Collins Foods (ASX:CKF): At less than 15x P/E, this stock is finger lickin’ cheap

Nick Sundich Nick Sundich, May 20, 2024

Collins Foods (ASX:CKF) is one of the few opportunities for ASX investors in the fast food industry. It has a reputation for being resilient to economic downturns, because cash-strapped consumers will theoretically turn to these outlets. Many fast food stocks such as McDonalds were amongst the few stocks to see sales growth during the GFC.

 

Collins Foods (ASX:CKF) has been listed on ASX since 2011

Collins Foods operates KFC and Taco Bell Restaurants in Australia, Germany and the Netherlands as well as the Sizzlers restaurant in Thailand and Japan. It began in 1968 in the USA, owning stores in America and Australia, relocating Down Under in 2005 after it was acquired by Pacific Equity Partners (PEP). It listed on the ASX in 2011 at $2.50 when Pacific Equity Partners (PEP) wanted to exit and similar to other IPOs where bigwigs are selling – it did not start well.

 

A poor start, but a good recovery

Collins Foods downgraded its profit forecasts only weeks after listing, by over 25%. It took until early 2015 for the company to surpass its IPO price, but has traded above it ever since. The catalyst was acquisitions that generated revenues and that scaled up in their own right, but also provided platforms for store expansions in new regions. It also divested many (but not all) of its Sizzlers stores, which had gone bankrupt in the US in the 1990s and were left behind in Australia by new competitors, such as Grill’d and Guzman & Gomez.

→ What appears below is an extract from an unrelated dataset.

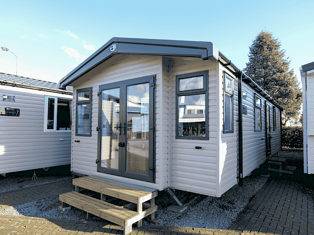 Le Swift Burgundy a un design intemporel et pratique. Le rembourrage botanique et les portes de jardin à l'avant de ce chalet de vacances font entrer la nature de l'extérieur. Le Burgundy n'est donc pas l'un des modèles de loisirs les plus populaires de Swift pour rien. L'agréable salon avec cheminée électrique et la spacieuse cuisine en U constituent un cadre de vie idéal pour votre séjour de vacances. Les chambres sont équipées de matelas de luxe et dans la petite chambre, un lit peut être rangé sous l'autre pour plus d'espace. Vous êtes curieux de découvrir ce modèle ? N'hésitez pas à visiter notre site d'exposition et à découvrir ce modèle.

After a few years of growth, the COVID pandemic presented several challenges for Collins Foods. The most prominant of these were lockdowns that closed food courts where its KFC and Taco Bell outlets were. The company had to make do with offering take-away service either from its stores or through delivery services. Compounding to investors’ raised eyebrows, just 3 months into the pandemic, was the retirement of long-term Graham Maxwell and his replacement with then COO Drew O’Malley.

 

Collins Foods (ASX:CKF) share price chart, log scale (Source: TradingView)

 

Managing the post-pandemic period well

In FY22 (the 12 months to June 30 2022), Collins Foods delivered $1.2bn in revenue (up 11% from FY21), $207.2m in EBITDA (up 13%) and a statutory NPAT from continuing operations of $54.8m (up 47%). Obviously the vaccine rollout and removal of restrictions helped. But so did the consolidation of its market position in the Netherlands – the company bought out the second largest franchisee in the market that expanded its footprint by 25% to 44 KFC restaurants and to more than half the market.

 

Collins Food is expanding more cautiously than Dominos

Topline growth continued into FY23, with revenue increasing 14% to $1.35bn, although its profit came in at just $11.3m given a $36.7m impairment to Taco Bell. EBITDA was flat at $205.1m. Revenue increased another 14% in 1HY24 and its profit came in at $50.5m (well ahead of the $11m in 1HY23 but inclusive of a $20m sale of Sizzler). It has not issued guidance for the full year, but did note that sales for Taco Bell and KFC in Europe grew over 8% in the first six weeks of the second half, while there was 2.9% sales growth in KFC Australia.

The bottom line from all these figures is that Collins Foods is expanding its footprint, but more cautiously than peer Dominos (ASX:DMP). It has managed short-term inflation better than many of its peers and clearly been able to maintain its value proposition to consumers.

 

Is there any growth left?

The mean target price amongst analysts covering Collins Foods is $12.02, a 26% premium to the current share price. Granted, there are varying opinions amongst these analysts, although the ‘lowest’ is still a slight premium to the current share price, at $10.25. Analysts expect $1.5bn in revenue (up 11%), $230.1m in EBITDA (up 12%) and $0.56 EPS, which would imply a $65.8m profit (nearly 30% higher).

In FY25, analysts expect $1.61bn in revenue (up 7%), $260m EBITDA (up 13%) and a $75.3m profit (up 14%). For FY26, $1.73bn in revenue (up 7%), $285.5m in EBITDA (up 10%) and an $88.2m profit (up 17%). Collins Foods is trading at a P/E of 14.9x and a PEG of just 0.55x for FY25, in our view very reasonable multiples to pay for the company considering Dominos is at 22x and it has been stagnant for the past 18 months.

 

Collins Foods appears to be worthy of its slogan

The KFC slogan is that its chicken is “finger lickin'” good. We think this same slogan rings true to the company as an investment right now considering its continued growth over the last 5 years and its cheap multiples.